Alexander McDonnell (1798–1835), sometimes spelled MacDonnell, was an Irish chess master, who contested a series of six matches with the world's leading chess player Louis-Charles Mahé de La Bourdonnais in 1834.

Early life 
The son of a surgeon, Alexander McDonnell was born in Belfast in 1798. He was trained as a merchant and worked for some time in the West Indies. In 1820, he settled in London, where he became the secretary of the Committee of West Indian Merchants in which role he advocated strongly on behalf of slave-owning sugar plantation owners. It was a lucrative post that made him a wealthy man and left him with plenty of time to indulge his passion for chess.  In his politics, McDonnell was a committed Whig.

Chess career 

In 1825, he became a pupil of William Lewis, who was then the leading player in Britain. But soon, McDonnell had become so good that Lewis, fearing for his reputation, simply refused to play him anymore.

Around 1825–1826, McDonnell played Captain Evans, while the latter was on shore leave in London. McDonnell was beaten with what is now regarded in chess circles as the creation of the Evans Gambit (1.e4 e5 2.Nf3 Nc6 3.Bc4 Bc5 4.b4).

In 1831, along with George Walker, he became a founding member of the Westminster Chess Club and was acclaimed as England's best player.

La Bourdonnais matches 

At that time, the world's strongest player was the French aristocrat Louis-Charles Mahé de La Bourdonnais. Between June and October 1834, La Bourdonnais and McDonnell played a series of six matches, a total of eighty-five games, at the Westminster Chess Club in London. McDonnell won the second match, while La Bourdonnais won the first, third, fourth and fifth.  The sixth match was unfinished.

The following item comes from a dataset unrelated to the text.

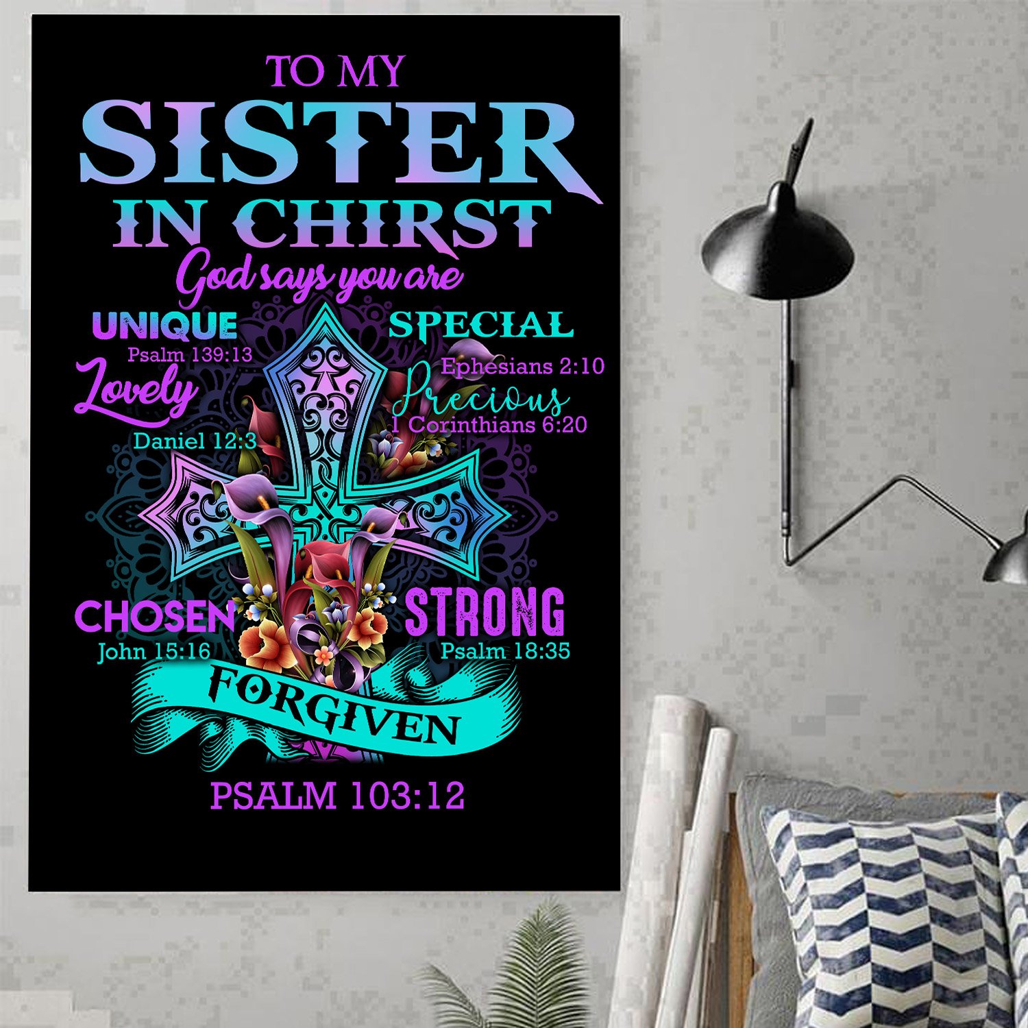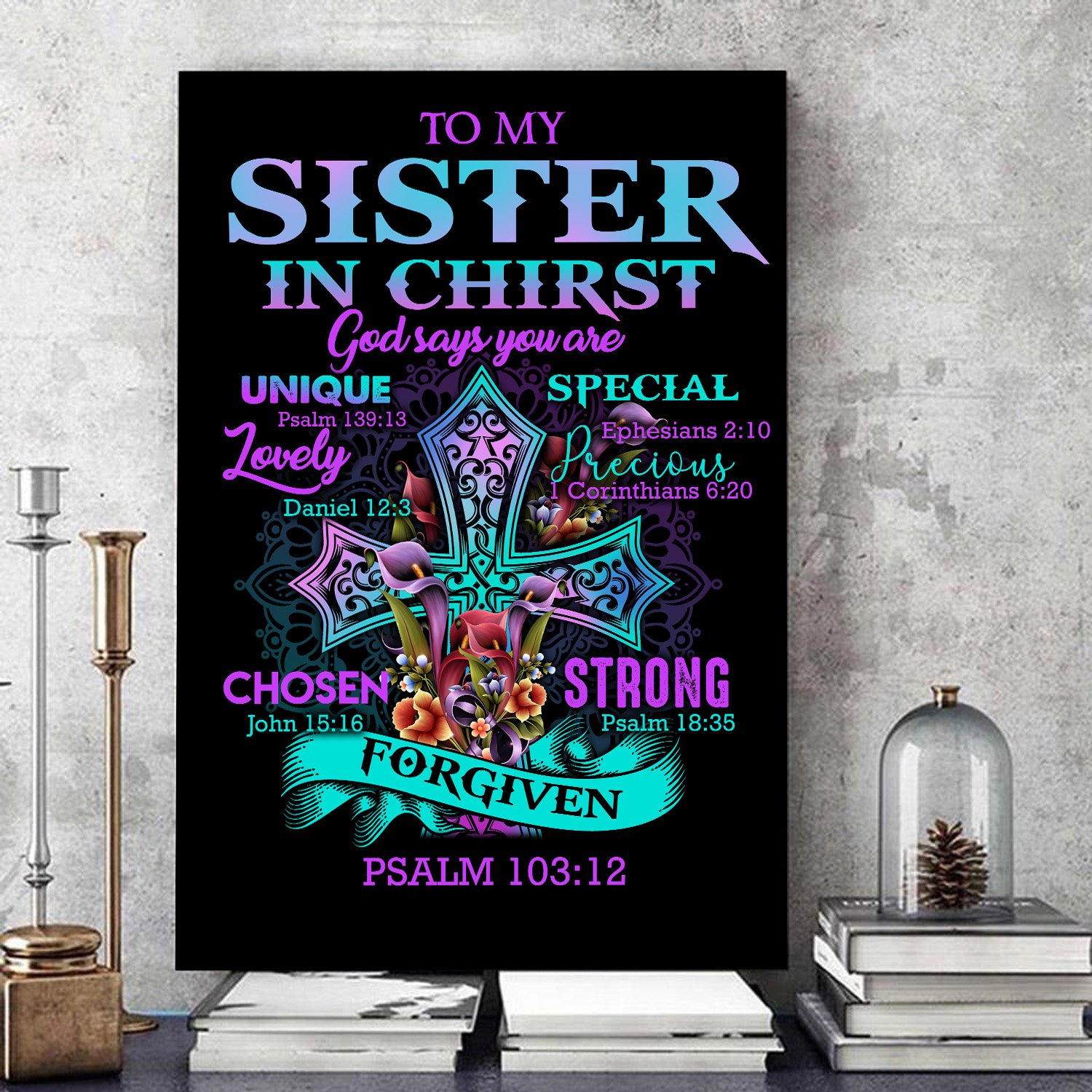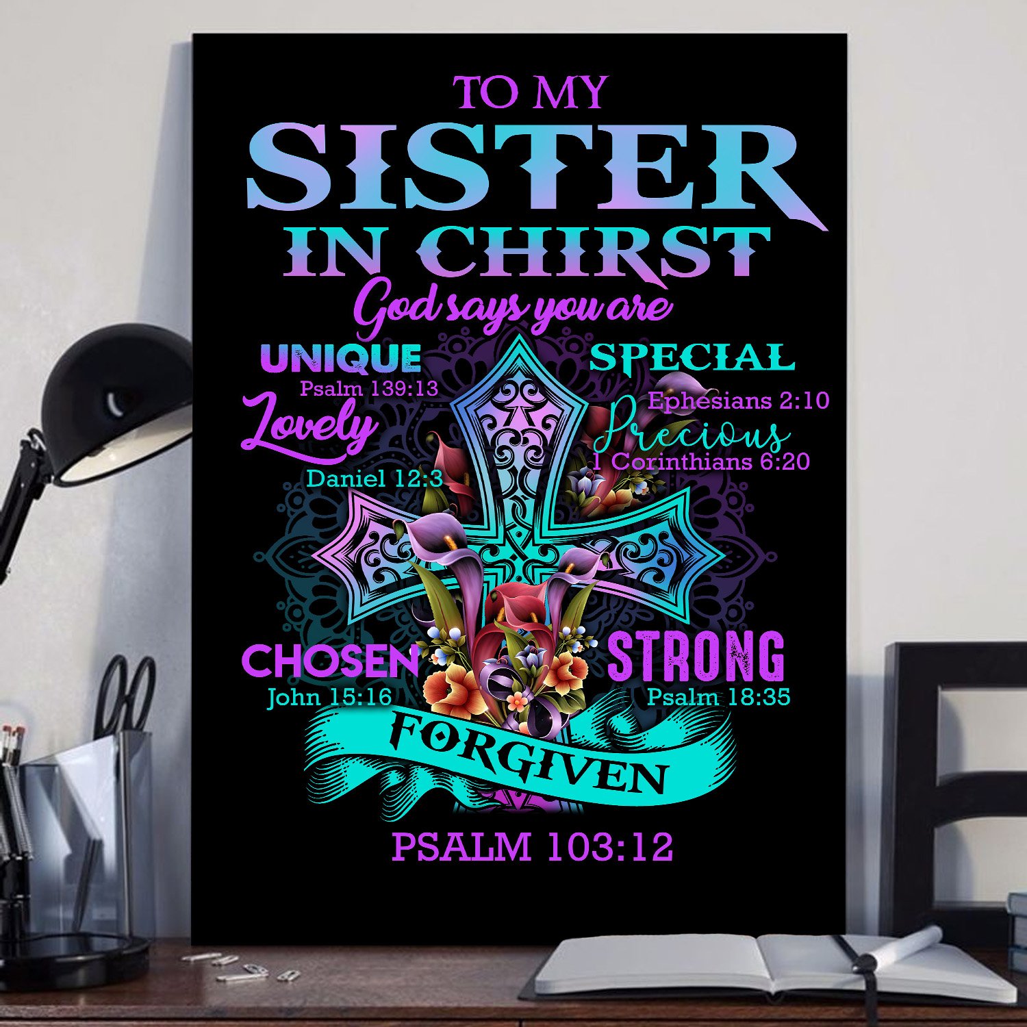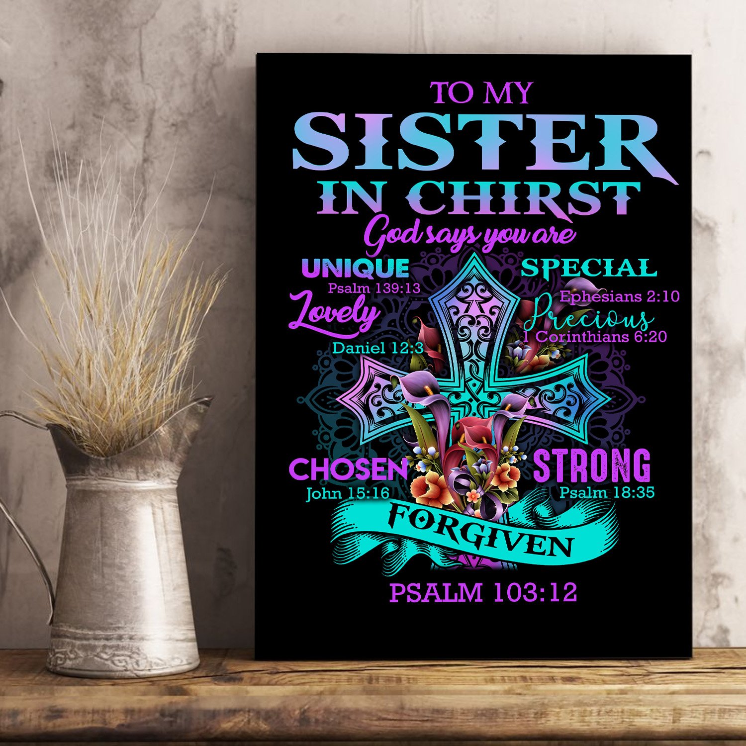 Awesome Family Gift – God – To My Sister In Christ – God Says You Are Unique, Special, Lovely, Precious, Strong, Chosen, Forgiven Poster

In the first game of the third match, McDonnell successfully introduced a new variation in the King's Gambit (1.e4 e5 2.f4 exf4 3.Nf3 g5 4.Bc4  g4 5.Nc3), known today as the McDonnell Gambit.

Death 
McDonnell was suffering from Bright's disease, a historical classification of nephritis, which affects the kidneys. In the summer of 1835, his condition worsened and he died in London on 15 September 1835 before his match with La Bourdonnais could be resumed.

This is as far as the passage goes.